A further letter on 18 November 2003 from Mr Backhouse to Mr Johnson stated that unless they made an alternative arrangement there would be no option but to recommend that the aircraft be sold by CFS for $700,000, which matched the best three offers received in its pre-overhaul condition. Mr Backhouse also requested Mr Johnson’s confirmation that John Jackson was able to act exclusively on Mr Johnson’s behalf. Finally, in a letter on 24 November 2003 Mr Backhouse wrote to John Jackson to advise that he has accepted Mr Johnson’s offer in connection with the resolution of outstanding issues relating to what he called the user contract arrangements of December 2001. Under it Mr Johnson would make no further payments nor receive any further benefits, and that all liabilities and contractual obligations as between the parties in connection with the aircraft would be extinguished. The same day Mr Backhouse wrote to Mr Johnson requesting confirmation that the resolution proposed and outlined to Mr Jackson was acceptable. There was a letter of 1 December 2003 from Mr Johnson to CFS – apart from the 21 December 2001 operation agreement the only letter from Mr Johnson in the entire correspondence – that all liabilities and contractual obligations between the parties were extinguished (“the 1 December 2003 termination”)

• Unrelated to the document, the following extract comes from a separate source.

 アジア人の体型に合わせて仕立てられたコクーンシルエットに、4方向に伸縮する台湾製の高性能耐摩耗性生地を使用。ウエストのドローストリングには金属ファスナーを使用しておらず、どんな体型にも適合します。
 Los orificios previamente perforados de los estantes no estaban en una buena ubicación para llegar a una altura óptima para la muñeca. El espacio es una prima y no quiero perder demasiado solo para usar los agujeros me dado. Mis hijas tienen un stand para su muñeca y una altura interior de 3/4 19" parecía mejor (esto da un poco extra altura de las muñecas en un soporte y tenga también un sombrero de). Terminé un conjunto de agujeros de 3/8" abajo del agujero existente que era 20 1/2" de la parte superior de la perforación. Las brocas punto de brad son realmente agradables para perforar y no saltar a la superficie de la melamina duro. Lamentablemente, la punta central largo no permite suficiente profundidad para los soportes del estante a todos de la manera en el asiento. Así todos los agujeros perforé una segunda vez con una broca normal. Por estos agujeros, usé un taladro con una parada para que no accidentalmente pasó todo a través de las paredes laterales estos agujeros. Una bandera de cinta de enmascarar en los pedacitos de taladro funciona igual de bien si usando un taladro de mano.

The receiver’s investigations
Following Mr Johnson’s arrest on suspicion of having committed further offences on 26 February 2004 the police searched the defendant’s properties and found two letters from Mr Backhouse to Mr Johnson relating to the aircraft and also to an Augusta 109 Helicopter. Proceedings in relation to the Augusta 109 helicopter ultimately led to a judgment of Blake J on 18 July 2008, to which I return: Re J, CJA/115/2002.

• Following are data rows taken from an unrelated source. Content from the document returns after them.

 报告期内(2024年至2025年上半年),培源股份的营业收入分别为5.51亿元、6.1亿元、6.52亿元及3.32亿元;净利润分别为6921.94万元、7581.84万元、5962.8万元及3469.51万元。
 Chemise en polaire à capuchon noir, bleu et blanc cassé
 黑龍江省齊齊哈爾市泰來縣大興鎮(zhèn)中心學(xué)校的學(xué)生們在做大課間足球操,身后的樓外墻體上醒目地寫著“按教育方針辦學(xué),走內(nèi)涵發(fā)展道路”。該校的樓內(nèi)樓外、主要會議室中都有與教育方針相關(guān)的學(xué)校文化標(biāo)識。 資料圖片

In early April 2004, following seizure of the letters at Mr Johnson’s home, which mentioned Mr Backhouse, the receiver wrote to him, advising him of his appointment, enclosing a copy of the restraint and management receivership order of 23 September 2002, and asking Mr Backhouse to confirm the nature of Mr Johnson’s interest in the aircraft and whether Mr Johnson was an officer or shareholder of CFS (and if a shareholder, the percentage of his shareholding). Mr Backhouse sent a holding reply on 21 April 2004, explaining that he had returned from holiday on 19 April and would write in reply to the questions in the next few days. Mr Backhouse wrote on 28 April:
“To the best of my belief Craig Johnson has never been an officer or shareholder of [CFS]. During 2001 there were discussions that he would take a stake in [the aircraft] or CFS but this proposal did not come to fruition. Craig Johnson benefited from a user arrangement with a potential entitlement to part of the balance of proceeds of sale providing certain payments towards overhaul/improvements were made. These payments were never made and the user arrangement came to an end last year by mutual agreement. … After discussions it was agreed that CFS Ltd would borrow the money from a source introduced by him and manage the aircraft in conjunction with the pilot. The aircraft would also be available for me to fly on a favourable basis.”

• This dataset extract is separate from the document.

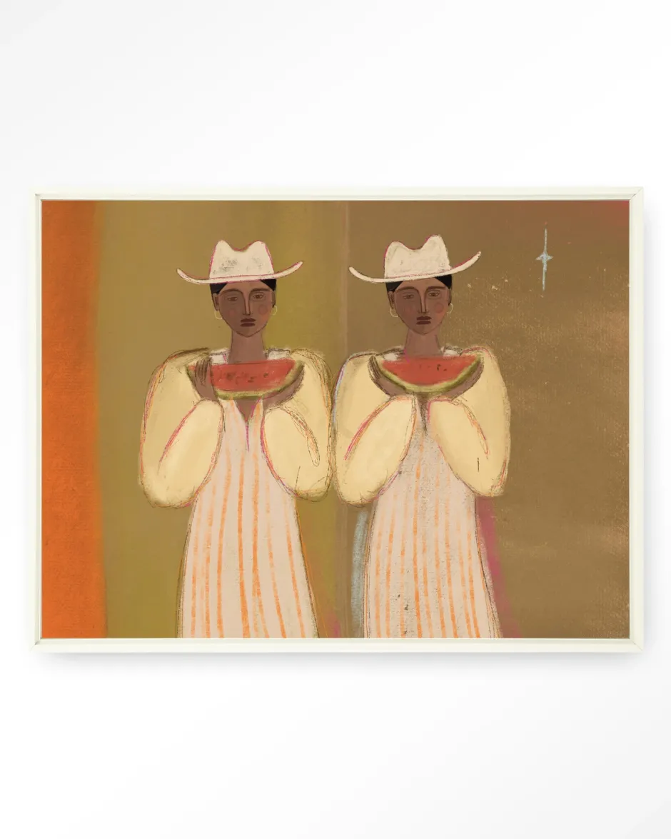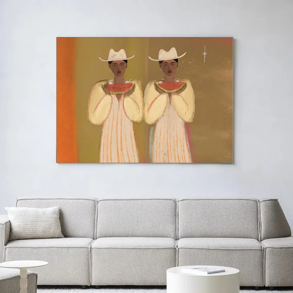 Sale Urban Cotton Wandkleed Watermelon Girl in maat en frame naar keuze

That reply prompted further questions containing letters from the receiver dated 6 and 14 May 2004. Mr Backhouse replied on 26 May. In his letter he stated:
“Craig Matthew Johnson does not have any interest in Citation Flying Services Ltd, Citation Flying Services LLP or G-Jet J. The user arrangement finished in 2003 … G-Jet J use by Craig Johnson was invoiced to Helix.”
Further responses by Mr Backhouse on 10 and 11 June 2004 stated that when the arrangements for the aircraft came to an end there were significant outstanding amounts due and that no payments had been received in connection with it after September 2002. A further letter of 30 June 2004 from Mr Backhouse to Mr Sinclair requested him to provide Mr Backhouse with evidence that the aircraft formed part of Mr Johnson’s estate after September 2002. On 29 July 2004 Beatson J listed the matter for hearing within 7 days. The minute of order dated 5 August 2004 required disclosure by 31 August 2004 of any information or documentation relating to the purchase, finance, ownership, lease, charter and maintenance of the aircraft.
In response to the court order, on 18 August 2004, Clarkson Penhale Solicitors of Morecombe, Lancashire, replied on behalf of CFS (the “Clarkson Penhale letter”). It explained that Mr Backhouse met Mr Johnson in the latter part of 2001, that at the time CFS was looking for a partner to use and maintain the aircraft and that Mr Backhouse wrote to the defendant on 29 November 2001 setting out what he understood they had agreed, enclosing an operating agreement for Mr Johnson to sign and return. That was done on 21 December 2001. Mr Backhouse then wrote to Mr Johnson acknowledging the signed agreement. For some reason it was dated 14 August 2003 which cannot be the correct date and Mr Backhouse believed that it was sent in either December 2001 or January 2002. Pursuant to the operating agreement and discussions with Mr Johnson, Mr Johnson paid $675,000 to CFS around Christmas out of which $343,000 went to Finova. The remainder of the $675,000 was used in connection with an engine overhaul, engineering costs and maintenance. In April and May 2002 Mr Johnson paid a further $70,000 for consumables in connection with the aircraft.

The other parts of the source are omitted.